На пороге стоял мальчишка в широченных штанах и картузе без козырька, похожий на юнгу со списанного корабля. Говорок у него был разбитной; похоже, основным его воспитателем была улица.
– Мне Долгорукова надо, – безапелляционно заявил он Севе, поглядывая то на него, то на Давыдовского.
– Я Долгоруков, – произнес Всеволод Аркадьевич, уже понимая, что визит мальчишки есть начало чего-то такого, что может перевернуть всю жизнь.
Обычно разного рода катаклизмы, будь то буря природная или житейская, случаются с предвестием какой-либо мелочи: птицы, к примеру, разом запоют (или замолкнут), легкий ветерок вдруг налетит, взявшись совершенно ниоткуда, либо произойдет встреча, которой в твоей жизни не должно было случиться, но она, видишь ли, случилась. И потом все идет наперекосяк. И падают деревья, вырванные с корнем. И с неба льет так, будто там, наверху, прорвало какую-то небесную плотину. И любое дело, за какое ни возьмись, валится из рук. А в голове возникает вдруг такое смятение, что рушится весь жизненный уклад, и ты, взяв в руки котомочку, срываешься с насиженного места и летишь куда глаза глядят, потому что уже не можешь иначе. А начиналось все с такой вот мелочи…
– Точно? – Мальчишка недоверчиво посмотрел на Севу.
– Точно, – заверил его Долгоруков.
– Письмо тебе, – произнес мальчишка и сунул в руки Всеволода Аркадьевича четвертной листок, сложенный пополам.
– А от кого сие письмецо? – осторожно спросил Долгоруков.
– Господин один велел передать, – ответил мальчишка. – Он сказал, что ты все поймешь.

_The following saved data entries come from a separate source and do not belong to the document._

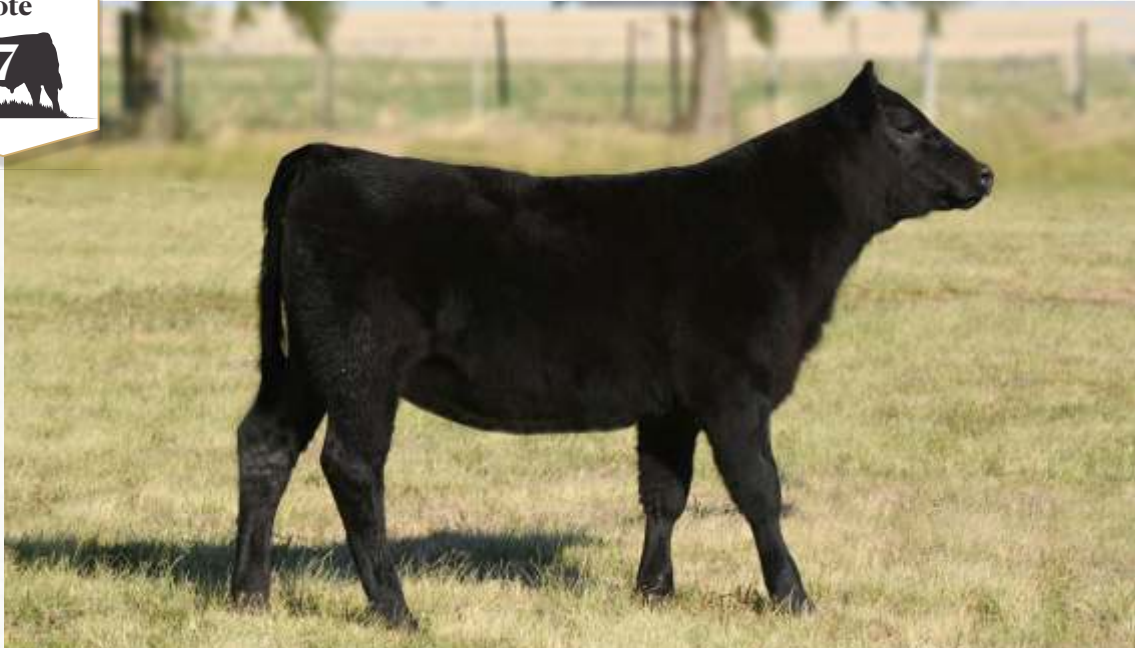
TELLECHEA 4327 ROSE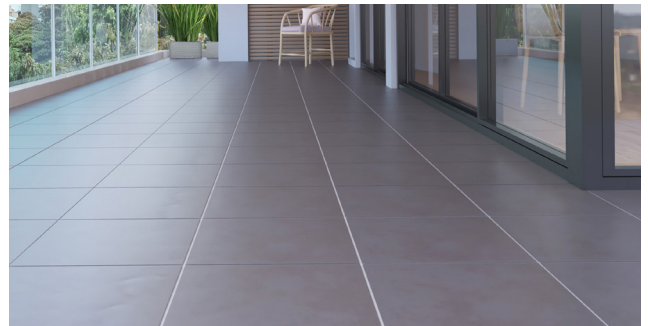
ปรับระดับก่อนการปูกระเบื้อง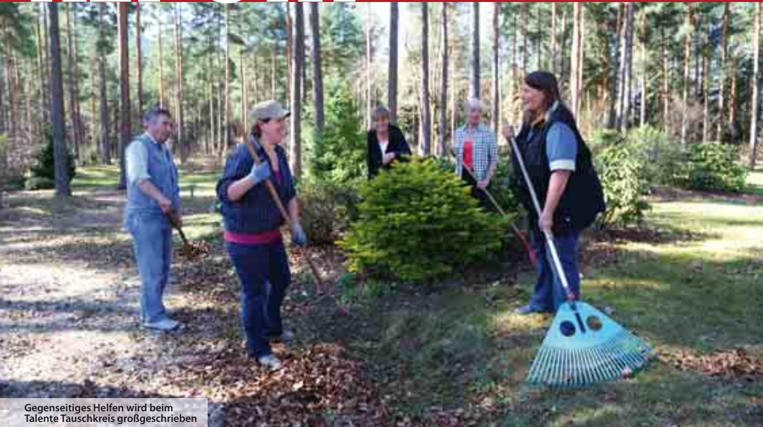
Gegenseitiges Helfen wird beim Talente Tauschkreis großgeschrieben

– Так и сказал? – спросил Сева, разворачивая листок.
– Ага, – ответил мальчишка и шмыгнул: – Ну, все, я пошел.
Однако, сказав это, он остался стоять. Было понятно, что за доставку письма пацан ожидает благодарность в виде хотя бы малой денежки, хотя, скорее всего, вознаграждение он уже получил от того, кто написал это письмецо и велел передать. Уличные мальчишки, господа, за просто так не работают. Не таковское у них воспитание…
Всеволод Аркадьевич пошарил по карманам своего архалука, но в карманах было пусто. Он посмотрел на Давыдовского, и тот, сунув пальцы в жилетный карман, достал новенький серебряный рубль.
– Премного благодарны! – загорелись глаза мальчишки, и он точным и ловким движением выхватил серебряный кругляк из руки Давыдовского так, что тот и глазом не успел сморгнуть.
– А тот господин, что передал тебе письмо, он такой… в очках? – спросил Сева, разворачивая письмо. Но мальчишки уже простыл и след.
Письмо было простым и понятным, как кухонный табурет:
«Господин Долгоруков.
Сегодня в десять часов вечера буду ожидать Вас в саду «Русская Швейцария» в кондитерской господина Прибыткова. Вас я узнаю сам. Вы должны быть один и без оружия. В случае Вашего отказа или невыполнения моих требований я убью Вашу экономку. Надеюсь на ваше благоразумие».
Подписано письмо было так: «Гость».
Всеволод дважды прочитал его, потом передал Давыдовскому.
– Я пойду с тобой, – заявил Павел Иванович, прочитав письмо.
– Ты внимательно читал? – спросил Сева.
– Внимательно, – ответил Давыдовский.
– А мне кажется – нет, – нахмурился Всеволод Аркадьевич. – Там же ясно сказано: один и без оружия. А еще сказано, что в случае невыполнения его требований он убьет экономку. Девица-то эта в чем виновата?
– Все равно я пойду с тобой, – продолжал настаивать Давыдовский. – Незаметно.
– Не беспокойся, этот – заметит.
– Но ты же сам говорил, что нам нельзя никуда ходить поодиночке, – уже без всякой надежды буркнул Павел Иванович.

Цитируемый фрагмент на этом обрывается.